Funeral na Escócia

Recentemente, compareci ao meu primeiro funeral na Escócia. Fui prestar as últimas homenagens à tia de meu marido, a qual eu tive o prazer de conhecer algumas semanas antes. A família já vinha se preparando para a despedida eminente, lidando com a progressão do temido câncer de intestino (ou colorretal, que é a segunda maior causa de mortes por câncer no mundo, segundo a OMS). Ainda assim, um momento inevitavelmente triste. 

Fui orientada a vestir-me de preto e a não levar flores. Diferentemente de como ocorre no Brasil, onde o que se vai vestir não importa nessa ocasião e flores são bem-vindas. O uso da cor preta para representar o luto é uma herança da Idade Média e, no Reino Unido, essa tradição se tornou ainda mais forte com o luto eterno da Rainha Vitória, que durou 40 anos até a sua morte. 

No local do velório, o crematório municipal instalado em um terreno com lindos jardins, os homens aguardavam de terno e gravata e as mulheres de tubinho ou conjunto social para adentrar à capela. Primeiro, os parentes mais próximos. 

Clique nas fotos para ampliá-las


Apesar do afrouxamento de algumas restrições impostas durante a pandemia, conforme os casos de covid-19 foram diminuindo no Reino Unido, havia um limite de até 40 pessoas permitidas no local, além da obrigatoriedade do uso de máscara, álcool em gel e distanciamento social. É assim que países sérios agem. Tudo bem que lá no início o primeiro ministro do Reino Unido (o espantalho do Boris Johnson) insistiu na ideia de imunidade de rebanho, que logo caiu por terra. Ele mesmo contraiu a doença e acabou sendo internado, mas isso é outra história.

Vale dizer aqui que o distanciamento social não foi possível, já que familiares e amigos acabam por dar beijos e abraços de consolo. Assim como ocorre entre os brasileiros, velórios se tornam oportunidades para colocar o papo em dia e conhecer novos membros da família (no caso, eu! rs). Bem, recebemos um folheto com a foto da tia do meu marido e uma vez todos dentro da capela, cada um sentou em uma cadeira.
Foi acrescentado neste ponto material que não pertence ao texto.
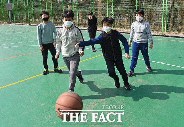 [더팩트ㅣ이동률 기자] 코로나19 여파로 전국 유치원·초중고 개학이 1주일 연기된 24일 오후 서울 마포구의 한 초등학교 운동장에서 어린이들이 마스크를 쓴 채 농구를 하고 있다.지난 23일 교육부는 전국 유치원, 초등학교, 중학교, 고등학교 개학을 3월 9일까지 1주일 연기한다고 밝혔다.fedaikin@tf.co.kr사진영상기획부 photo@tf.co.kr
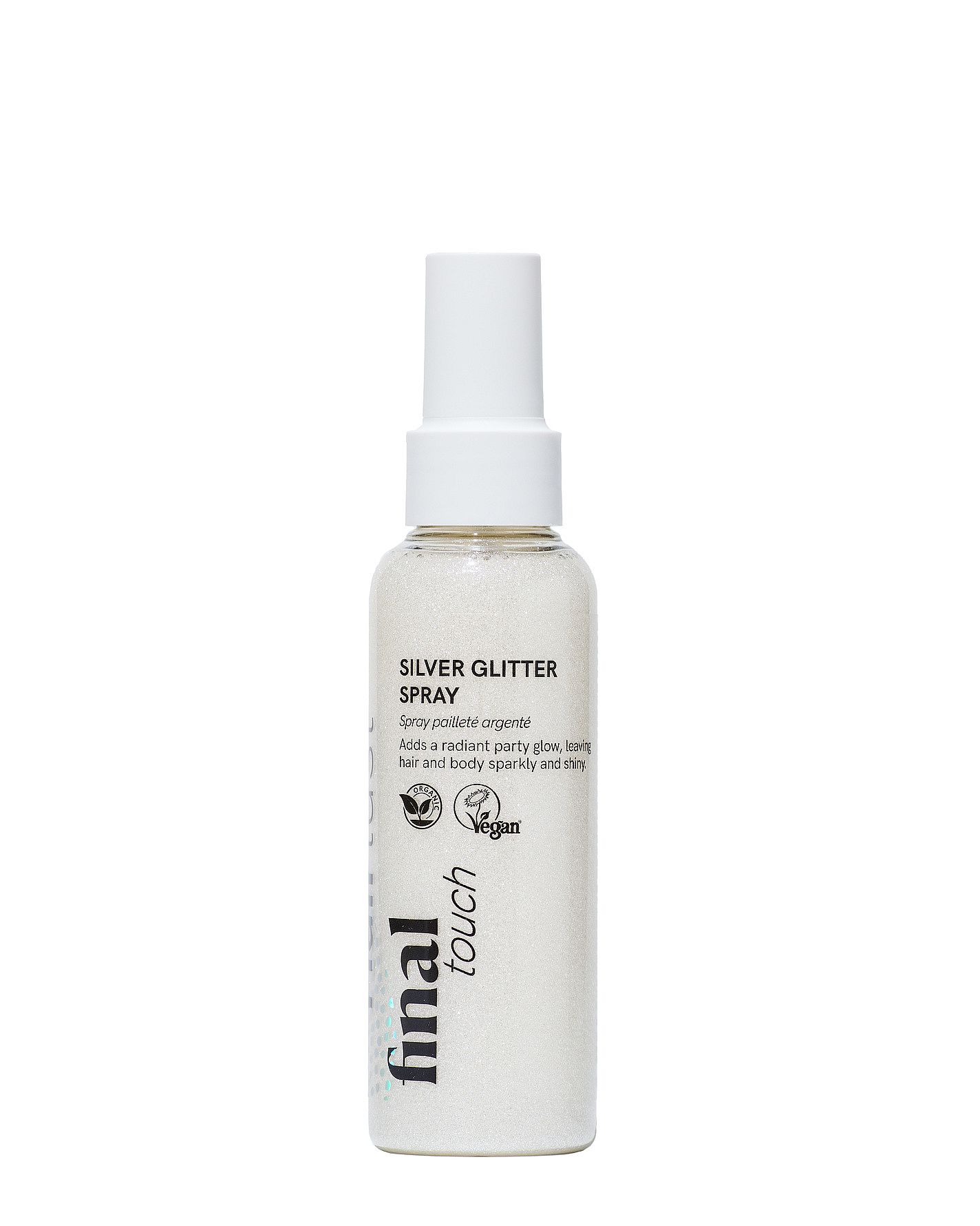 Final Touch™ Silver Glitter Hair Spray er beriket med økologiske ekstrakter fra mango og hyldebær, som beskytter mot skadelige frie radikaler, samtidig som de nærer og pleier både hår og hud. Du får ikke bare en vakker glød, men også effektiv beskyttelse! Med glyserin og propandiol tørker ikke håret ut, men holder både hud og hår fuktige hele dagen – uten å føles tungt eller fettete.

Habituada à figura de um padre ou pastor incumbido das homenagens finais, me surpreendi com a presença de um humanista. O Humanismo deposita suas crenças na ciência e na razão e não em religiões e seres divinos.

Pelas palavras do celebrante, Vida (sim, esse era seu nome), que partiu pouco antes de completar 77 anos, teve uma vida empolgante. Trabalhou, estudou, conheceu o amor de sua vida, com quem teve dois filhos - que lhe deram netos - e viajou o mundo todo, vivendo 20 anos em Hong Kong. Quando adoeceu, descobriu na cerâmica um agradável passatempo e até nos presenteou com um de seus mimos. Pergunto-me se ela sabia o significado de seu nome na língua portuguesa e também espanhola, mas acredito que sim, uma vez que um dos lugares por onde passou foi o Brasil. 
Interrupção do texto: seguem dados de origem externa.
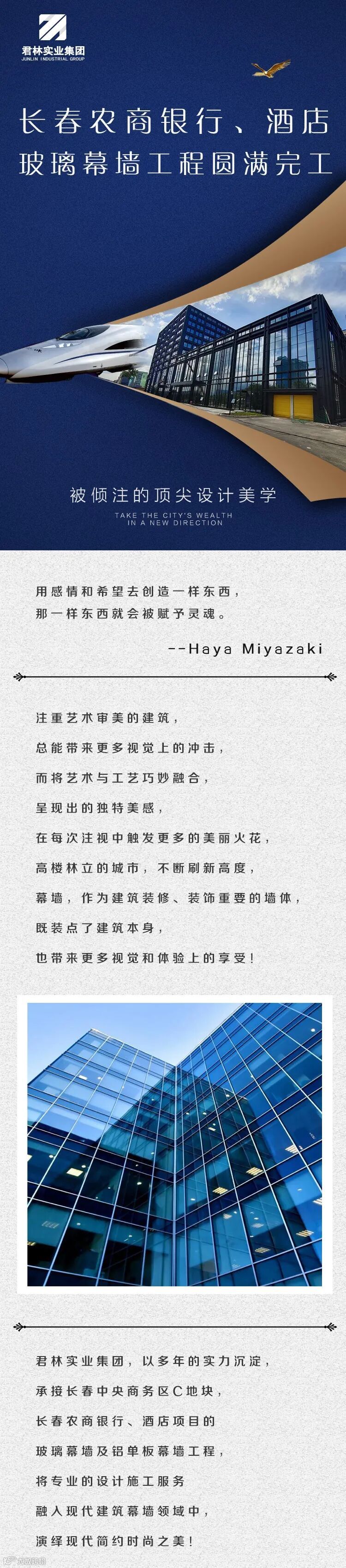 导读:长春农商银行、酒店 | 玻璃幕墙工程圆满完工

Foi uma bela e objetiva homenagem, com uma pausa para reflexão ao som de Requien em D Menor de Mozart e encerramento com a inconfundível gaita de foles presente na música Highland Cathedral. Essas ocasiões nos fazem refletir sobre o que queremos levar conosco quando partirmos e o que gostaríamos de deixar como legado.

Uma tradição daqui e que eu considero muito válida para ser aplicada também no Brasil é a distribuição de donativos para doação a uma instituição. No caso da tia do meu marido, ainda em vida ela escolheu a Cancer Research. 

Fim da cerimônia, ninguém mais fica na capela para velar o corpo, como fazemos no Brasil. Os participantes são convidados a se juntar aos membros da família em uma recepção. Neste caso, ocorreu no salão de um hotel próximo ao crematório. Foram servidas comidinhas e bebidas, incluindo vinhos branco e tinto e, claro, whisky! Foi um momento de muita descontração e risadas, ou seja, nada diferente dos brasileiros.